Bugünkü yaptırımlar ve devletimizin yaptırımlara karşı tavrı, 1960’lardan 1970’lerden çok farklıdır. Bugün Türkiye önceki süreçlerden farklı olarak yaptırımlara, Batı’dan kopma iradesiyle karşılık vermektedir. Vatan Partisi bu yaptırımlara karşılık NATO’dan çıkma ve İncirlik’i kapatma çağrısı da yapmıştır. Bu adım stratejik bir karardır ve sonuçları itibariyle bir daha 12 Martların, 12 Eylüllerin, Ergenekonların ve 15 Temmuzların yaşanmayacağı bir Türkiye yaratacaktır.
DİPNOT:
1) 2. Dünya Savaşı’nın bitmesiyle Amerika-SSCB rekabeti başladı. Türkiye bu saflaşmada Amerika’dan yana tavır aldı ve Batı Kampı’na katıldı. Dönemin CHP Hükümeti’nin genç bakanı Nihat Erim ise bu süreci Küçük Amerika olacağız diyerek özetledi.
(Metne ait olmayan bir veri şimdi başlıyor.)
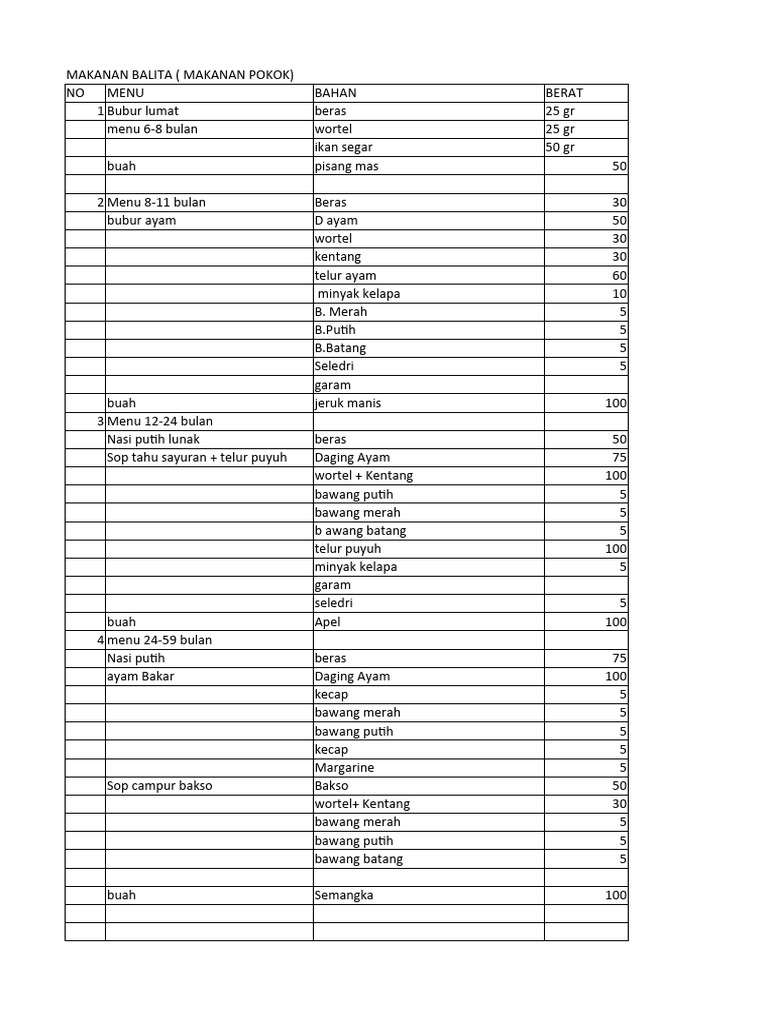 MAKANAN BALITA ( MAKANAN POKOK)

Demokrat Parti, Türkiye’yi NATO’ya sokarak bu programı aynen devam ettirdi.
2)1963 yılında Kıbrıs’ta, Rumlar tarafından Türklere saldırı başlatıldı. Türkiye ise bu duruma kayıtsız kalmayarak Kıbrıs’a müdahale etme seçeneğini gündeme getirdi. Dönemin ABD Başkanı 1964 yılında İsmet İnönü’ye yazdığı mektubunda diplomatik nezaketlere aykırı olarak saldırgan bir üslüpla böyle bir müdahalede Türkiye’ye yardım etmeyeceklerini ve tavır alacaklarını ifade etti. Bu mektup Türkiye’de yükselen Amerika karşıtlığını daha da derinleşmesini sağlamıştır.
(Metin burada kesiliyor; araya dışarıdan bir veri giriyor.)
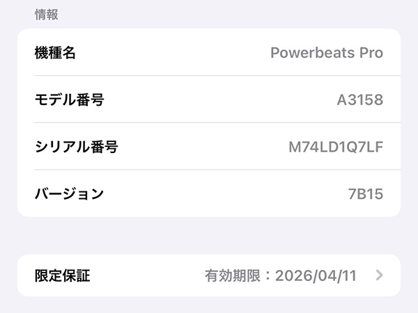 【中古 良品】Powerbeats Pro 2 MX723PA/A ジェットブラック ビーツ エレクトロニクス Beats ワイヤレスイヤホン 本体 (QGA1088-1) ■状態■ [イヤホン/充電ケース] 薄っすらとした擦れはありますが、 目立つ大きな傷はありません。 写真でご確認ください。 動作問題なし ペアリング・通電確認済み 初期化済み ■保証状況■ 有効期限:2026年4月11日 詳しくはアップル公式 保証状況サイトでご確認ください。 ■モデル型番■ MX723PA/A ■製造番号■ M74LD1Q7LF ■付属品■ 写真でご確認いただけるものがすべてです。 2025/8/29 K

3) Cüneyt Akalın, ABD ve Türkiye-2 Yumuşama Yılları(1961/1989), Kaynak Yayınları, Nisan 2011, s. 177-181.
4) Başbakan İsmet İnönü Johnson mektubundan önce, New York Tımes’a verdiği bir demeçte ‘’Yeni Bir Dünya Kurulur Türkiye de o dünya da yerini alır’’ sözleriyle Amerikan Politikalarına tavır göstermiştir. (a.g.e, s.107)
5) Sadık Erdaş, Hükümet Programlarında ve Program Müzakerelerinde Dış Politika (1920-1980), Siyasal Kitabevi, Ekim 2018 Ankara.